Monday, December 27, 2010

Attacking need from all angles:
The notion that society can accomplish any outsized goal may be unrealistic. “Full employment” never will be achieved, when only members of the workforce who really want a job have one. Polio is thought to have been eradicated, but there were two reported cases in the United States since 2005. There always will be someone who needs some form of help.
How then should one define the end of homelessness, and then accomplish that goal? Area nonprofit organizations are going to try.
The Suncoast Partnership to End Homelessness, a Sarasota-based not-for-profit organization, seeks to live up to its name by embarking on a 10-year plan to end homelessness in Sarasota County, where some 600 people each night — and 10,000 people each year — are counted as homeless.
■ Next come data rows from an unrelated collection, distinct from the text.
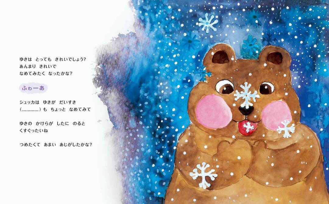 お話の舞台は雪に包まれた森の中。くまのシュッカといっしょに"ゆめのたび"に出かけます。
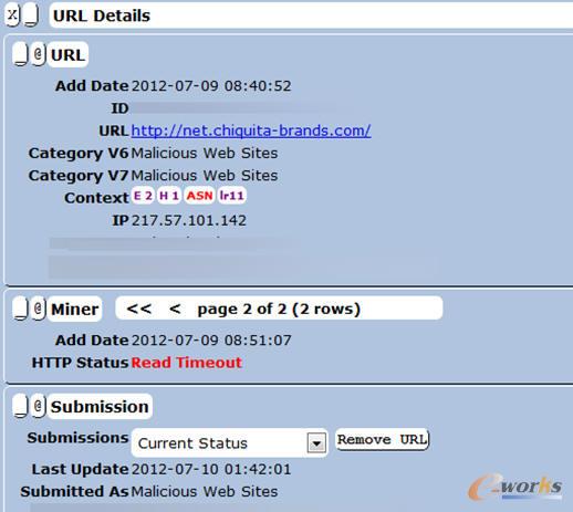 當(dāng)這個漏洞攻擊包成功執(zhí)行后,就會自動下載并運(yùn)行一個名為“IrFKDDEW.exe”的二進(jìn)制惡意軟件,并嵌入jar包中,進(jìn)而在用戶的系統(tǒng)中開啟后門。通過流量追蹤,可以發(fā)現(xiàn)該惡意軟件不斷嘗試向某IP地址發(fā)起連接請求。而其實(shí)早在2012年7月9日,這個IP地址所指向的站點(diǎn)就已經(jīng)被Websense的Virustotal鑒定為惡意站點(diǎn)(見圖5),具體報告點(diǎn)擊這里。
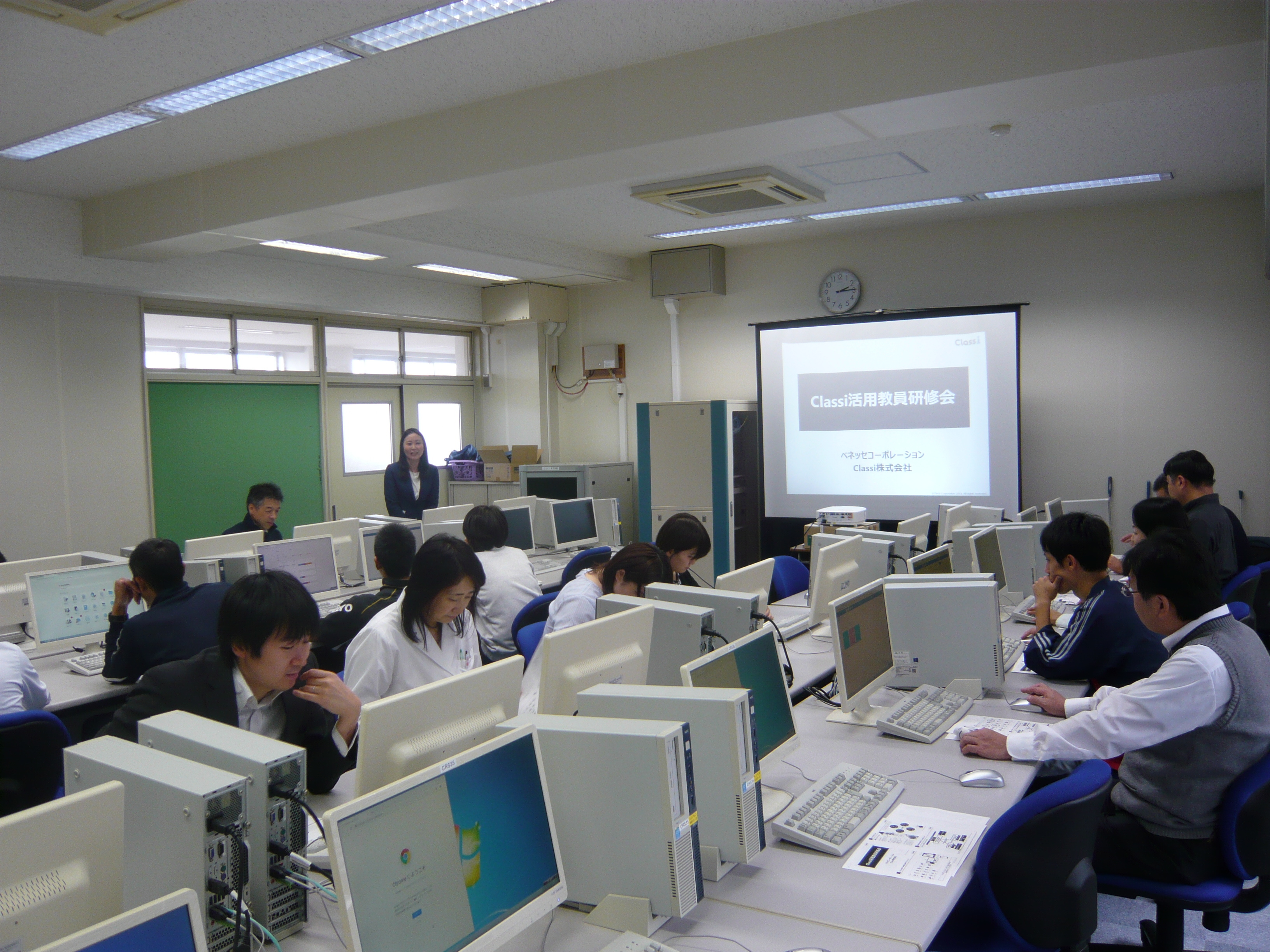 10月2日(火)、情報処理室にて株式会社ベネッセコーポレーションより栁葉様をお招きしまして「Classi講習会」を開催しました。今年度より本格導入した「Classi」の操作方法をわかり易く説明いただき、参加者も基本的な機能の理解に取り組みました。

Meanwhile in Charlotte County, where, on average, 626 people are homeless each night, the Charlotte County Homeless Coalition seeks a similar plan to end homelessness in its region.
It won’t be easy, with the economic crisis still in full bloom in Southwest Florida, along with dwindling government and nonprofit agency budgets. So before embarking on their respective plans, both organizations are defining success.
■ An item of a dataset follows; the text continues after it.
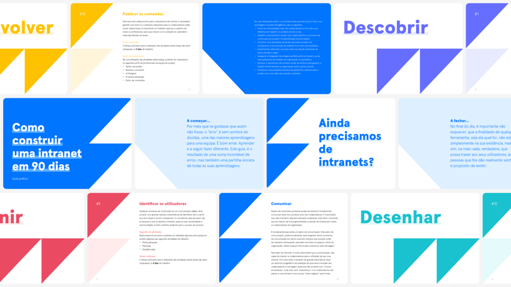 Constituindo-se como mais um contributo para este tema, o “Guia prático como construir uma intranet em 90 dias” está estruturado em 4 fases diferentes. Cada uma destas fases é consubstanciada em 19 etapas que procuram ao longo de todos estes momentos, dotar as equipas de ferramentas práticas. Porventura, a abordagem descrita neste guia, não será a única possível, aliás, não o será com certeza. Apesar disso, este guia representa sim uma sequência de momentos, pensados do princípio ao fim, tendo em vista o envolvimento sincero dos colaboradores neste processo de experimentação e construção.
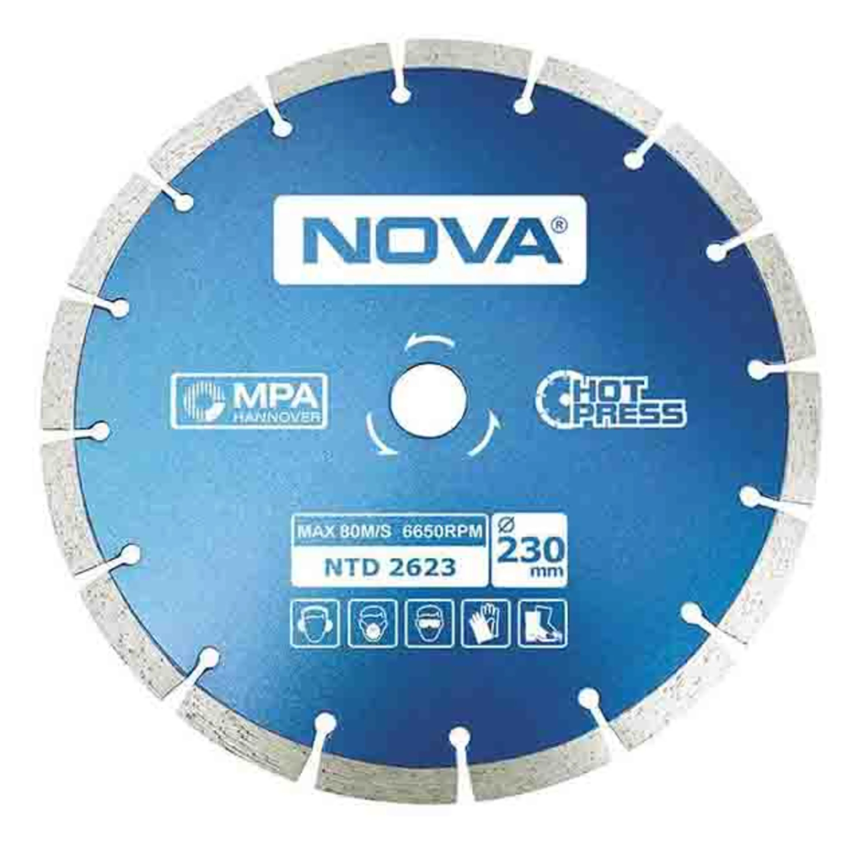 این تیغه برای برش اجسام بسیار سخت به کار میرود. شاید در نگاه اول لبههای این تیغه، چندان تیز به نظر نرسد اما جنس بسیار محکم و مناسب تیغههای این محصول در کنار حرکت چرخشی بسیار تند دستگاه فرز، باعث میشود تا برش بهآسانی انجام شود. سازندهی این صفحهی برش، یک شرکت داخلی به نام «نووا» (Nova) است. صفحهی فرز مدل NTD 2623 صفحهی برشی است که برای برش گرانیت و مصالح به کار میرود. این صفحه که روی دستگاههای فرز بسته میشود، توانایی تحمل سرعت گردش تا 6650 دوربردقیقه را دارد. قطر این صفحه 230 میلیمتر و ضخامت آن 2٫5 میلیمتر است. در نظر داشته باشید که قطر سوراخ مرکزی این صفحه، 22 میلیمتر در نظر گرفتهشده و برای دستگاههای فرز (غیر از مینیفرز) به کار میرود.

“Different communities choose to attack the plan in a different way,” said Angela M. Hogan, executive director of the homeless coalition. “My goal is to be able to have enough programs and services available in Charlotte County so that every person that is homeless could participate in services, if they wanted to.”
Richard Martin, executive director of the Suncoast Partnership, says the goal — to have everyone housed — is idealistic. He tells people that ending homelessness means “ending it one family or one individual at a time.”
To ensure favorable results, both agencies are mobilizing others interested in the success of their 10-year plans. Cooperation among governments, the business community and nonprofit agencies may result in the more-efficient delivery of services to the homeless population.
Streamlining the process for helping people may be as much a goal of the 10-year plans as it is a tool for achieving the ultimate goal of ending homelessness.
“It might be a case of reallocation of the dollars,” Suncoast Partnership Board Chair Adam Tebrugge said. “If we are spending a large amount of money in our emergency rooms and in our jails to treat this population, maybe there is a smarter way to get people help that actually will save money over the long run.”
One of the focal points of these plans is that they not begin and end with agencies that have the word “homeless” in their names. For example, if Charlotte Behavioral Healthcare is serving the homeless population, it also should receive funds to be able to provide those services, Hogan said.
“Because we are the lead agency, we are the ‘Homeless Coalition’ and we are the direct service provider for all homeless services in Charlotte County, we have earned this reputation as being solely responsible for the homeless problem,” Hogan said. “At the same time, that discourages collaboration and that discourages other organizations from wanting to get involved. So to change that paradigm in Charlotte County is where we are right now.”
Seeking collaboration, but not wanting to lead the conversation, the Suncoast Partnership is starting its effort with a blank slate other than focusing on jobs/ employment, housing, public safety, homeless prevention and health and human services, Martin says.
For her part, Hogan says, “We’re going to evaluate what programs and services exist, identify gaps in those services and develop programs and services that meet those needs.”
Efforts to end homelessness have support from both the U.S. Conference of Mayors and the National Association of Counties.
“Five years ago the notion of cities having 10-year plans to end homelessness was naive and risky. No one thought it was possible,” U.S. Interagency Council on Homelessness Executive Director Philip Mangano said. “But the new research and new technologies have created such movement and innovation on this issue that it may now be naive and risky not to have such a plan.”
While Charlotte County Homeless Coalition officials are seeking advice from Lee and Collier counties on how to formulate their plan, Suncoast Partnership officials are looking at Manatee County for inspiration. Manatee County embarked on a 10-year-plan to end homelessness more than four years ago.
The Suncoast Partnership to End Homelessness officials will conduct a community meeting for anyone who wants to be involved in its 10-year plan Feb. 5, 2011, in downtown Sarasota. They hope to unveil the plan in June of next year. The homeless coalition also will sponsor community workshops before unveiling its plan. Input from past and present homeless people will play a key role in both plans.
Samantha Sumner does not ponder the definition of homelessness, but she studies how to end it every day. Sumner, 33, her husband Scott, 40, and their children Jade, 12, and Hahna, 9, are living at the Homeless Coalition’s emergency shelter in Murdock — residents stay there for up to 60 days — while they try to restore their financial situation, after a yearlong struggle. Samantha is awaiting a hearing to address her disability issues, but the family’s hardship may be easing. Scott recently started a telemarketing job in Charlotte Harbor.
“We’re looking at renting again,” Samantha said.
They don’t have a car, so they’ll look for a home close enough to his job that Scott can ride a bicycle provided by Edgewater United Methodist Church’s bike ministry, Samantha said.
Meanwhile, there’s a help wanted sign in the window of Basia’s Food Mart on El Jobean Road, a short bike ride from the shelter.